Sugar Rush Ride MV as a possible metaphor for predatory relationships (Meta)
I posted this piece on TXT’s subreddit, but they removed it because they said my subject matter is too triggering. Screw them. Reposting here because I’d like to share it nonetheless.
Thematically, Sugar Rush Ride is about the loss of innocence, about youth and temptation (as per the name of the chapter), and also about that niche intersection between trickery and seduction.
The music video conjures images of Alice in Wonderland and Peter Pan, but, of course, with a darker, and a more sexual twist. When I say this concept is sexual, I want to emphasize that I do NOT think that the MV and choreography are designed to sexualize the boys in the eyes of the audience at all. Rather, I see the choreography as an illustration or as a performance of sexuality, in as much as sexuality is typically a part of boyhood, and I see the MV as a depiction of sexuality in its adolescent or its "blooming phase" (note the vivid colours in the MV, the numerous vines and flowers, the clothes falling off their bodies; gardens and flowers are inherently symbolic of growth and sexuality). This MV is about eroticism and the relationship between the Ego and the Body. It's about the self-discovery aspect of sexuality and, by consequence, about the temptation and internal conflicts that arise during one's sexual awakening (especially if there are taboo undertones to it). We see multiple instances of the boys gasping, repeatedly touching their own necks and bodies, performing gestures that are explicitly reminiscent of being in the all-consuming throes of pleasure. Through this blissful awakening, the "devil" starts tempting the subject to give up even more of themselves, with the promise of a sugar rush (an emotional or sexual high) as a reward for further compliance. I find it hard to believe the devil isn’t a categorically older figure based on the lyrics, and based on how trust and deception form part of the narrative.

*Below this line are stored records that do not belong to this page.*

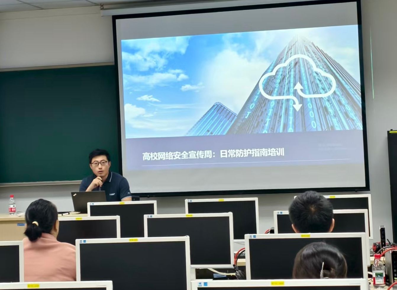 专家培训提升防护技能。学校邀请深信服科技高级网络安全专家作题为“高校网络安全宣传周——日常防护指南”专题培训,通过理论解读与真实案例剖析,为校内信息员提出切实可行的防范建议,进一步强化了学校网络安全队伍建设。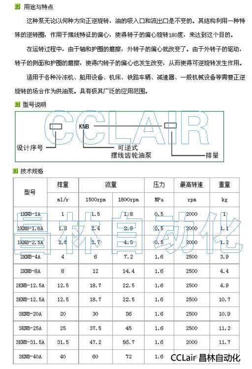 詳細(xì)信息 3KNB-12.5A,3KNB-20A,3KNB-25A,可逆式擺線齒輪油泵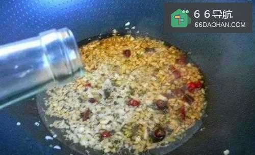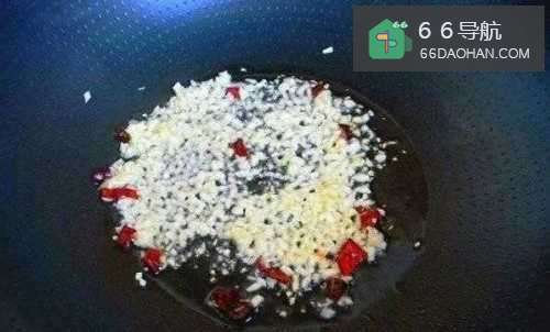 5起锅热油,放入蒜末、干辣椒煸香;
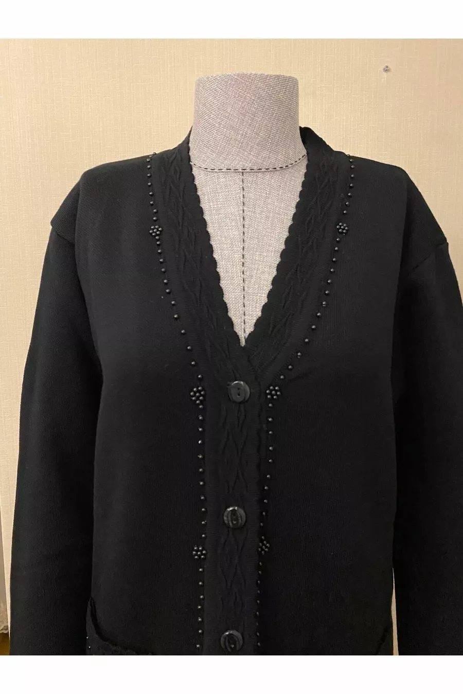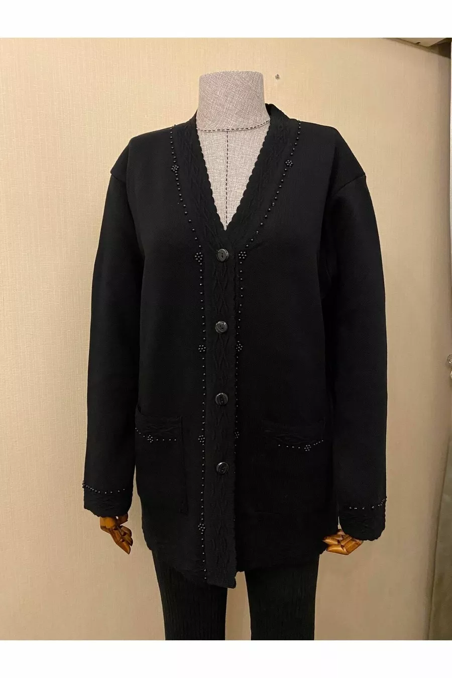 Material: Gewebe Ärmellänge: Lange Ärmel Muster: Gemustert Schnitt: Regular Farbe: Schwarz Stoffart: Strick Kragenart: V-Ausschnitt Produktdetails: Mit Perlen Produkttyp: Uni Tasche: Zwei Taschen Ärmellänge: Lang Kollektion: Basic Dicke: Mittel Länge: Regular Silhouette: Basic Gelegenheit: Alltag Zusatzfunktion: Keine Zusatzfunktion vorhanden Druck/Stickerei Queenmadamní: Ohne Druck Verschlussart: Knopfleiste Anzahl der Teile: 1 Persona: Cool & Comfort Nachhaltigkeitsdetails: Nein Gewebeart: Strick Gürtel/Bindegurt: Ohne Gürtel Waschanleitung: Typ 1 Herkunft: TR Packungszustand: Keine Verpackung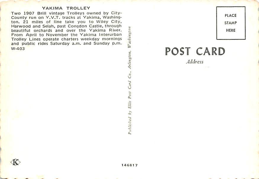 1907 Brill Vintage Trolley Yakima, Washington Postcard
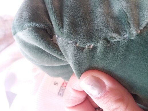 Soft, bright, but behind the seam is sloppy, also white threads...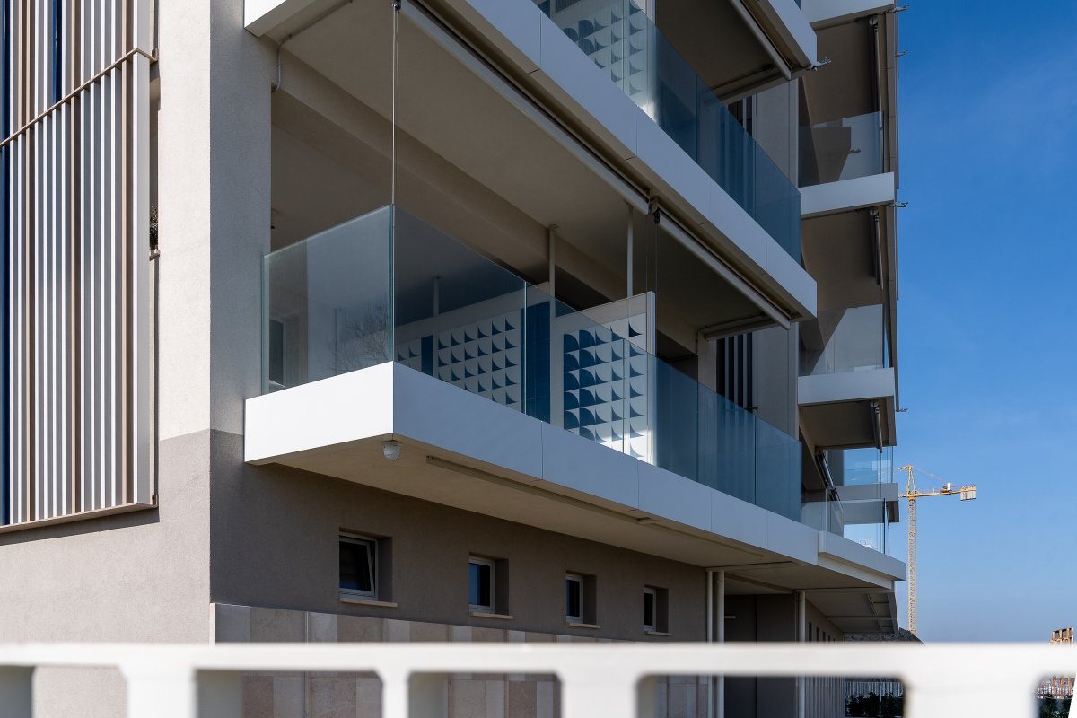 Nelle pareti laterali degli edifici, si possono notare i colorati frangisole verticali. Che oltre ad avere una funzione di attenuazione della luce solare, offrono un particolare gioco di luci e colori, soprattutto nelle giornate di sole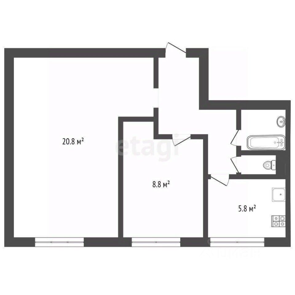 - Жилая площадь: 29,6 м² (20,8 м² и 8,8 м²).

The boys are swept off their feet into a world of magic, of passion and fruitfulness, of wonder and pleasure, which all bring to mind the explosion of feeling and sensation that adolescence and self-discovery can evoke. I want to reiterate, the orgasmic motifs in the MV and choreography are not for the pleasure of the audience - it's more of a storytelling element in the context of the choreo than it exists for the purpose of sexualizing anyone. It aims to represent pleasure and sensation than to seeks to please or to seduce. The subject, in this case, the boys, is leaving childhood and entering a new world, now transcendant as they move away from childhood innocence into adulthood. Likewise, the sugar motif is quite obviously deliberate - it evokes images of hyperactive children, but also of Lolita's red lollipop. But this beautiful world of desire, symbolized by the Bali landscape in the MV, didn't come at no cost. We know they were brought there by the "devil", with his pretty words and with his promises. The boys have been tempted and they've been tricked. The devil beckoning the boys with literal, actual sugar speaks to the age old warning we give to childen: don't take candy from strangers. In this way, I believe devil is not another child or another adolescent. The devil, someone they've come to trust and believe in, is manipulating them with the “sugar”, with the candy, with the high of the sugar rush. Likewise, I think the outro where they directly call the devil who is their seducer "sugar" speaks to elements of fondness and of betrayal.
All highs have a comedown. The once wonderful butterflies (Nabokov himself was a butterfly scientist, by the way) are now pests and beasts. This world they've crash landed to like castaways is no longer a paradise or a welcome escape from reality; it’s actually turning against them. The subject, that is, the boys, has been precocious, and it's only the new pleasure of erotic tempation and sexual satisfaction that's keeping this charade going. Childhood is over by virtue of the sexual awakening and by the evident corruption of their innocence by the devil, and there's no deserting what they've experienced. What's also over is the sugar rush from the “sugar” they were tempted to swallow, and now is time for the crash, which is likely why they're leaving the island at the end of the MV. For this reason, I think the story of the Sugar Rush Ride music video speaks to having one's innocence lost and also simultaneously having a precocious sexual awakening by someone who's manipulative, and also likely much older.